Former Financial Conduct Authority technical specialist Rory Percival has said good robo-advisers shouldn’t fear the regulator.
Speaking at the Dynamic Planner conference today (1 March) at The Brewery in London, Mr Percival said the regulatory risk of automated advice has been overplayed.
His comments come after back in September 2015 then economic secretary to HM Treasury, Harriet Baldwin, said a start-up that wanted to enter the automated advice space was told it would have to ask consumers 247 questions to currently comply with regulation.
Ms Baldwin said both the government and regulator have promised to develop a ‘sandbox’ for innovation in this space.
Speaking at the FCA’s ‘robo-advice’ conference, Ms Baldwin said the ‘sandbox’ could be a “safer space” for firms to experiment with ideas for consumers without the full burden of regulation.
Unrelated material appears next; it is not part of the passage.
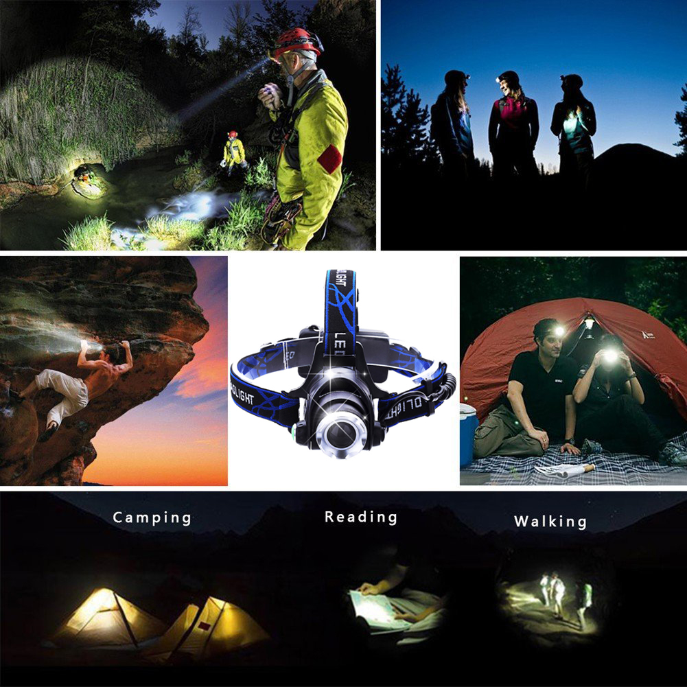 8000LM Cree XML-L2/ T6 Led Headlamp Zoomable Headlight 3 Mode Waterproof Head Torch flashlight lamp18650 Rechargeable Battery

But speaking at today’s Dynamic Planner conference, Mr Percival said the robo-advice sector generally was too worried about the regulator.
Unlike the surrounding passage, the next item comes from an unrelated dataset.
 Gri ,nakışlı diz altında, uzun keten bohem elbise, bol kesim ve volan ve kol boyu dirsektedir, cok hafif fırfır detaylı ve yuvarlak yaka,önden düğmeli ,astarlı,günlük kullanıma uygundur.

Mr Percival, who left the regulator after 10 years last year to set up his own compliance consultancy, said: “The rules are not an end in themselves. They are there to encourage firms to create the right outcomes.
“As long as you are creating the right outcomes for clients, the regulator is going to be happy.”
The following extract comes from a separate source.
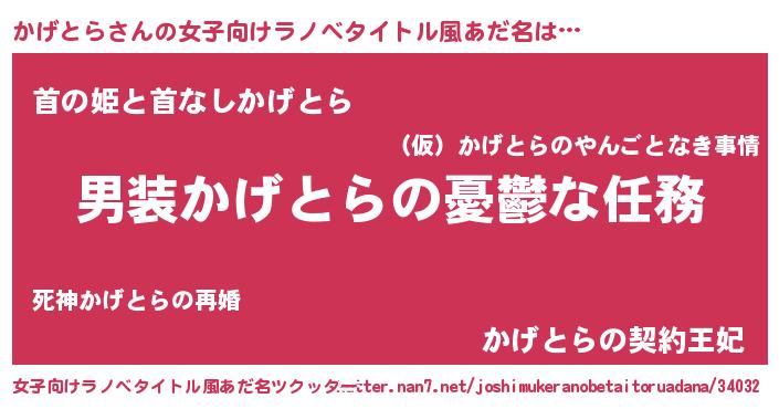 | 伝説のあだ名 | 『古文書に記された吟遊詩人かげとら』 |

Talking about the impact of technology on the way advisers do business, Mr Percival said in the short to medium term advisers would not be affected by robo-advice.
But he questioned whether this would remain the case in the long term and said advisers should think about people who are accessing automated advice now or using the non-advised investment propositions and how to convert those to opting for face-to-face advice.
He said: “Where are those clients of the future coming from?
Mr Percival said advisers would have to address this issue if they wanted “long-term sustainable and valuable” businesses.